→ **PROBLEM REQUIREMENTS**:
Repeat everything from the first line of the listing below through the line that contains "Sở Thông tin truyền thông đề", exactly. Leave out pictures.

→ **COLLECTED DATA**:
***
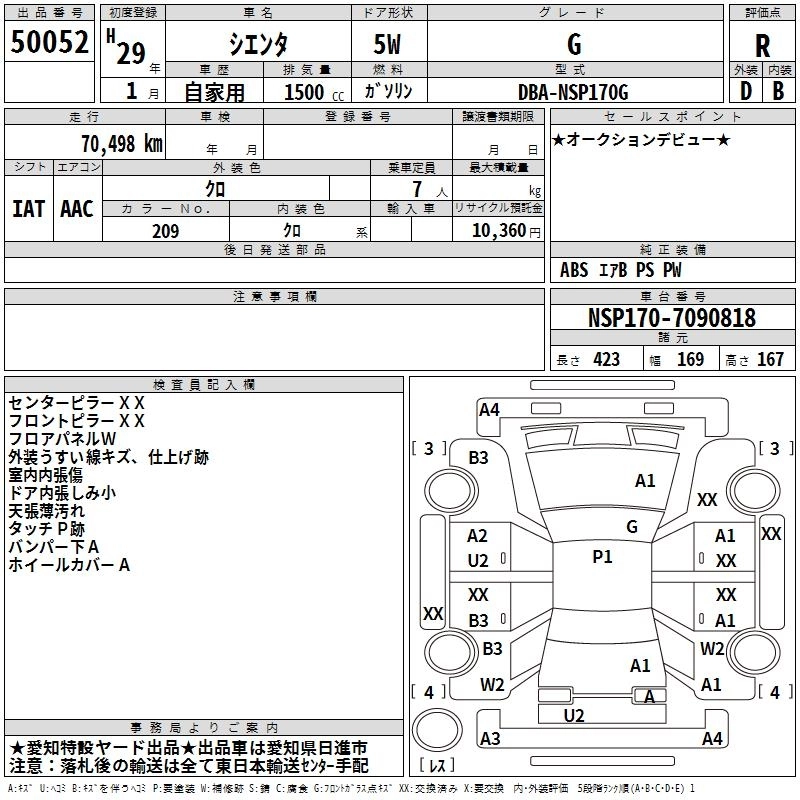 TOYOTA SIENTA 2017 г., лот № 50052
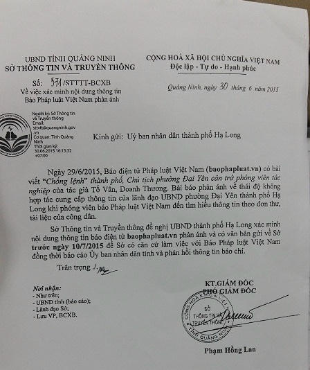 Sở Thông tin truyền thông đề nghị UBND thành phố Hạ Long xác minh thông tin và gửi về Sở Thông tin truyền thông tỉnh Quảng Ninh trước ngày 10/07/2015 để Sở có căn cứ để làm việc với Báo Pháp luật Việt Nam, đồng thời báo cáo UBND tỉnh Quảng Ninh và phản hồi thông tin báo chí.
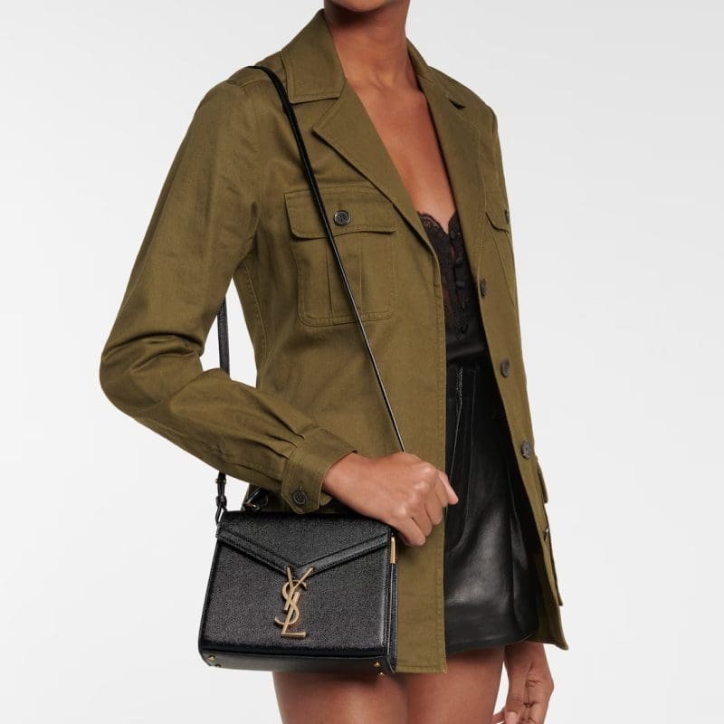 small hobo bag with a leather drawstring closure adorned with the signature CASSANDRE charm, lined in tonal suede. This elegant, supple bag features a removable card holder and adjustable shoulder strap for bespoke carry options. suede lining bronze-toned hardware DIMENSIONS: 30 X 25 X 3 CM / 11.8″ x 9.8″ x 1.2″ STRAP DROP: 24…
***
→ **EXERCISE RESULT**:
 TOYOTA SIENTA 2017 г., лот № 50052
 Sở Thông tin truyền thông đề nghị UBND thành phố Hạ Long xác minh thông tin và gửi về Sở Thông tin truyền thông tỉnh Quảng Ninh trước ngày 10/07/2015 để Sở có căn cứ để làm việc với Báo Pháp luật Việt Nam, đồng thời báo cáo UBND tỉnh Quảng Ninh và phản hồi thông tin báo chí.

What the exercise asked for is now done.